Microsoft’s New AI Watchdog Meant to Detect Malicious Prompts

image provided by pixabay

This post is also available in: עברית (Hebrew)

Microsoft announces new techniques to fight against two types of attacks used by malicious actors to jailbreak AI systems – AI Spotlighting (which separates user instructions from provided poisonous content) and AI Watchdog (which is trained to detect adversarial instructions).

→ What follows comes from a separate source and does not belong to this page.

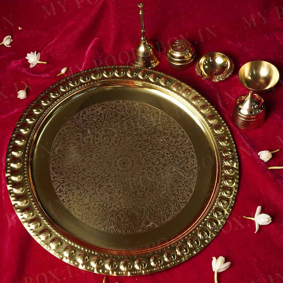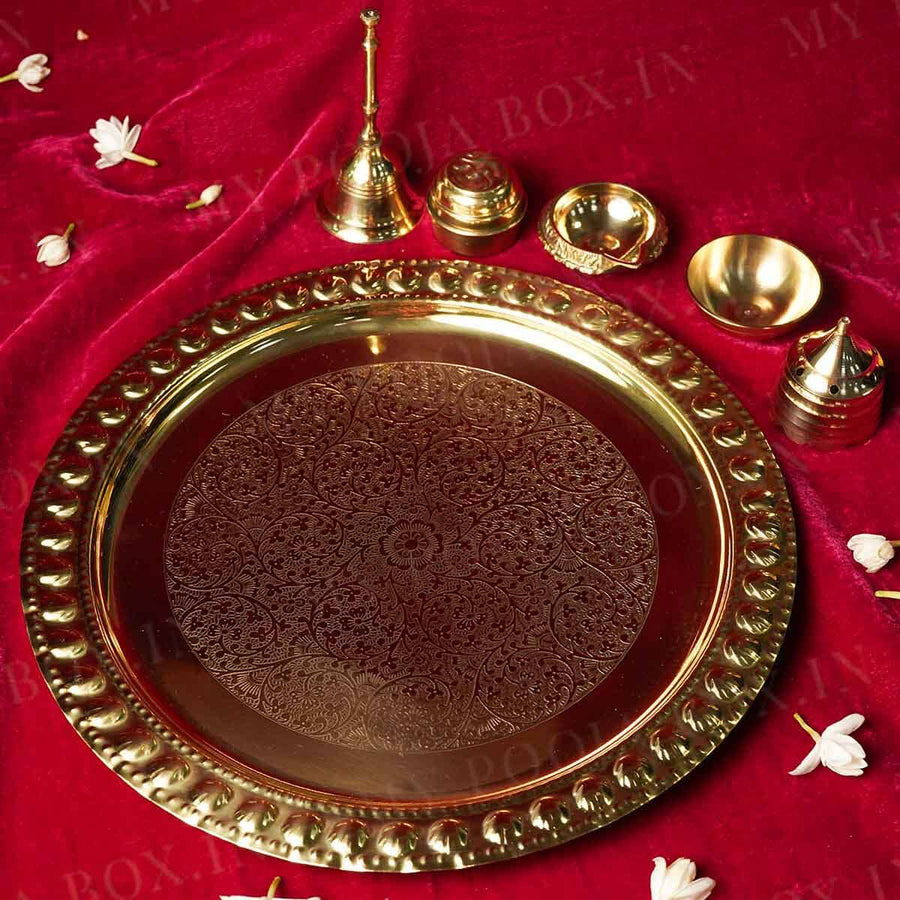 This Floral Ornate Brass Pooja Thali Set exemplifies superior metalwork with its intricate floral embellishments on premium brass. The meticulous hand-crafted details showcase traditional artisanship while providing optimal weight distribution for ceremonial stability. The natural brass composition offers exceptional durability and develops a distinctive patina over time, enhancing its aesthetic value. Each component is precisely proportioned according to ritual specifications, making this set both a functional worship implement and an authentic expression of devotional artistry.

Attacks in which malicious actors use malicious prompts and poisoned content can cause potential harm, in what is referred to as “jailbreaking” the AI models. Such consequences can range from harmless (causing an AI interface to talk like a pirate) to downright dangerous (inducing AI to provide detailed instructions on how to achieve illegal activities).

Microsoft’s new defense techniques are designed to fight two kinds of attacks: malicious prompts (user input attempts to bypass safety systems in order to achieve a dangerous goal) and poison attacks. According to Interesting Engineering, a poisoned content attack occurs when a well-intentioned user asks an AI system to process a seemingly harmless document that contains content created by a malicious third party with the purpose of exploiting a flaw in the AI system.

The company’s new defense technique is called Spotlighting, and it dramatically reduces the success rate of these kinds of attacks. It works by making external data clearly separable from the instructions to the LLM, so the LLM can’t read additional instructions hidden in the content and can only use the content for analysis.

Microsoft further explains that malicious actors have found a way to bypass many content safety filters by using gradually escalating chains of prompts that are not harmful separately, but gradually wear down the LLM’s defenses. “By asking carefully crafted questions or prompts that gradually lead the LLM to a desired outcome, rather than asking for the goal all at once, it is possible to bypass guardrails and filters – this can usually be achieved in fewer than ten interaction turns.” Microsoft deals with this by having the multiturn prompt filter look at the entire pattern of the prior conversation.

The “AI Watchdog” is an additional and separate AI-driven detection system that is trained on adversarial samples, avoids being influenced by malicious instructions while analyzing prompts for adversarial behavior, and finally inspects the LLM’s output to ensure it is not malicious.